Our recent PcdhγA1 and PcdhγC3 EC1-3 structures revealed dimer interactions between EC2 and EC3 (Nicoludis et al., 2015), consistent with previous biochemical and bioinformatics data (Schreiner and Weiner, 2010; Wu, 2005). Using sequence co-evolution analysis, we predicted intersubunit EC1-EC4 interactions, and proposed that clustered Pcdhs form extended antiparallel homodimers engaging EC1-4. A complementary biochemical and structural study arrived at a very similar docking model (Rubinstein et al., 2015), which was recently confirmed for α and β clustered Pcdhs (Goodman et al., 2016).

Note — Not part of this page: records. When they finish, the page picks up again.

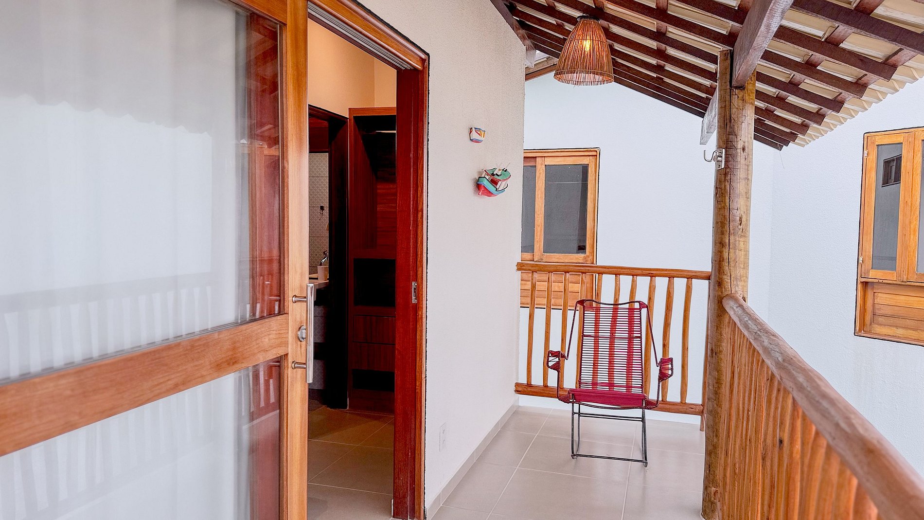 O uso predominante da madeira no forro, no guarda-corpo da varanda, nas esquadrias e em detalhes de mobiliário (como a mesa de cabeceira orgânica) é a alma do projeto. Ela traz aconchego, calor e uma autenticidade inegável, remetendo às construções tradicionais praianas.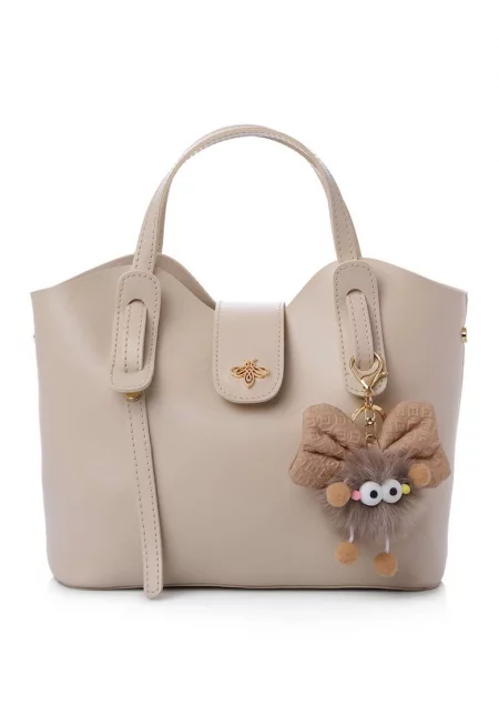 Шопър чанта с детайли от еко кожа и талисман - отворена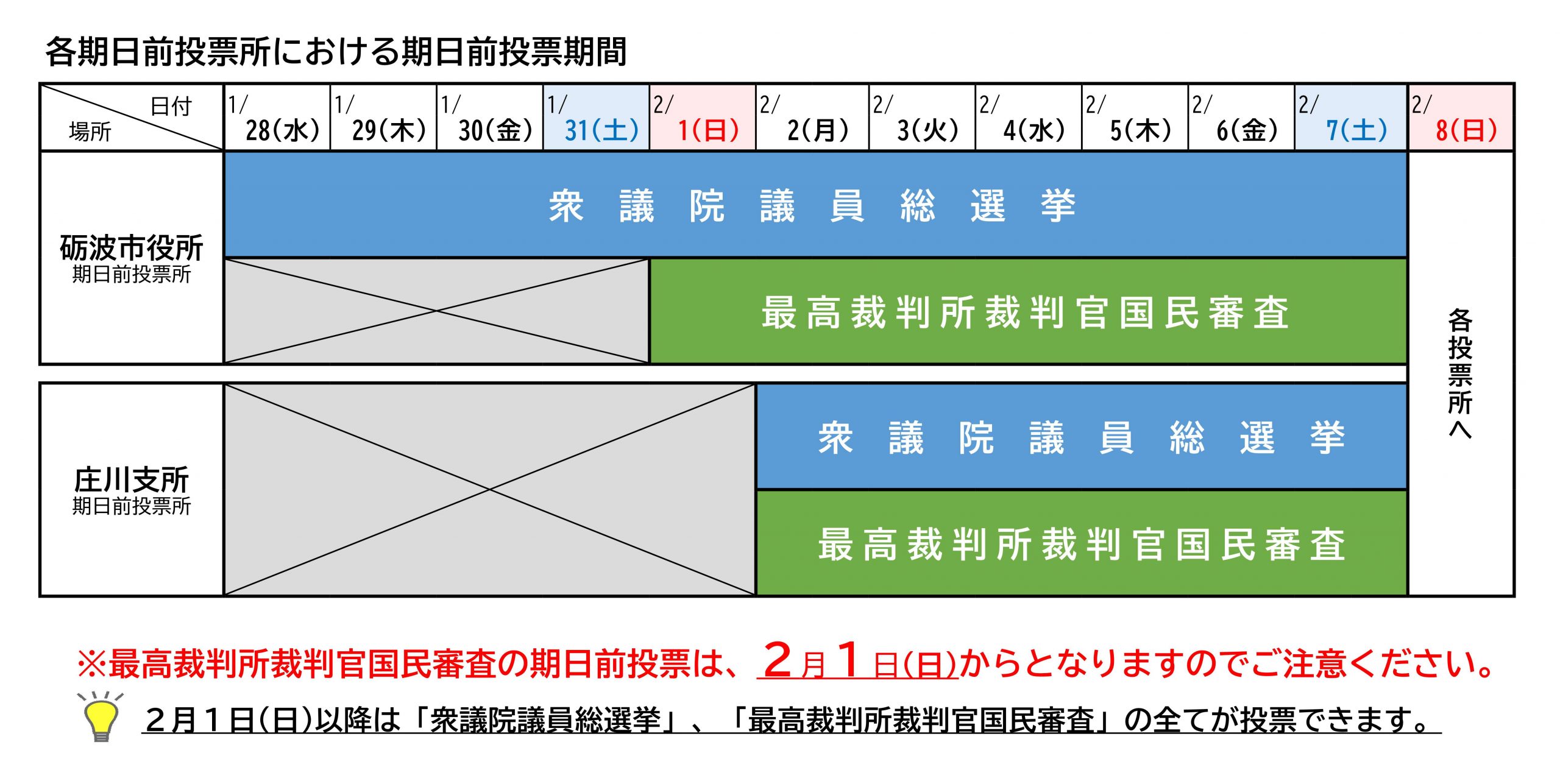 下記のとおり、衆議院議員総選挙と最高裁判所裁判官国民審査の期日前投票期間が異なりますのでご注意ください。

We determined the crystal structure of PcdhγB3 EC1-4, the first full antiparallel dimer for a γ isoform. We analyzed the clustered Pcdhs structures in light of biological, biochemical and evolutionary data to further resolve how clustered Pcdhs encode specificity. We describe how structural differences between the α, β and γ subfamilies generate distinct modes of specificity encoding. We also provide evidence that the EC1/EC4 and EC2/EC3 interfaces are functionally different: EC1/EC4 provides nonselective dimerization affinity while EC2/EC3 is generally responsible for enforcing specificity. Finally, we extend our sequence coevolution analysis to the non-clustered Pcdhs and provide evidence that the EC1-4 interaction is broadly used by Pcdhs.
Results and discussion
Structure of the PcdhγB3 EC1-4 extended antiparallel dimer
The in vitro-refolded recombinantly-expressed PcdhγB3 EC1-4 (47 kDa) yielded two peaks on size exclusion chromatography (SEC; Figure 1—figure supplement 1). Based on multi-angle light scattering (MALS; Figure 1—figure supplement 1), peak 1 was wide and polydisperse (~200–300 kDa). Peak 2 was monodisperse at 80 kDa – consistent with a dimer – and readily yielded a crystal structure (Figure 1—source data 1). As expected, each EC forms a seven-stranded Greek key β-sandwich motif (Figure 1A), similarly to other clustered Pcdh structures (Goodman et al., 2016; Nicoludis et al., 2015; Rubinstein et al., 2015). Notably, EC4 has a unique β-strand arrangement compared to EC1-EC3 (Figure 1B,C) and all known cadherin repeat structures. Strand β1a is extended by 4–5 residues, while β1b is correspondingly shortened. Additionally, while in EC1-3 strand β2 splits into β2a and β2b, interacting with strands β5 and β1a, respectively, in EC4 it forms a continuous strand interacting with both simultaneously. This distinct structural feature contributes to intersubunit EC1/EC4 interactions (see below).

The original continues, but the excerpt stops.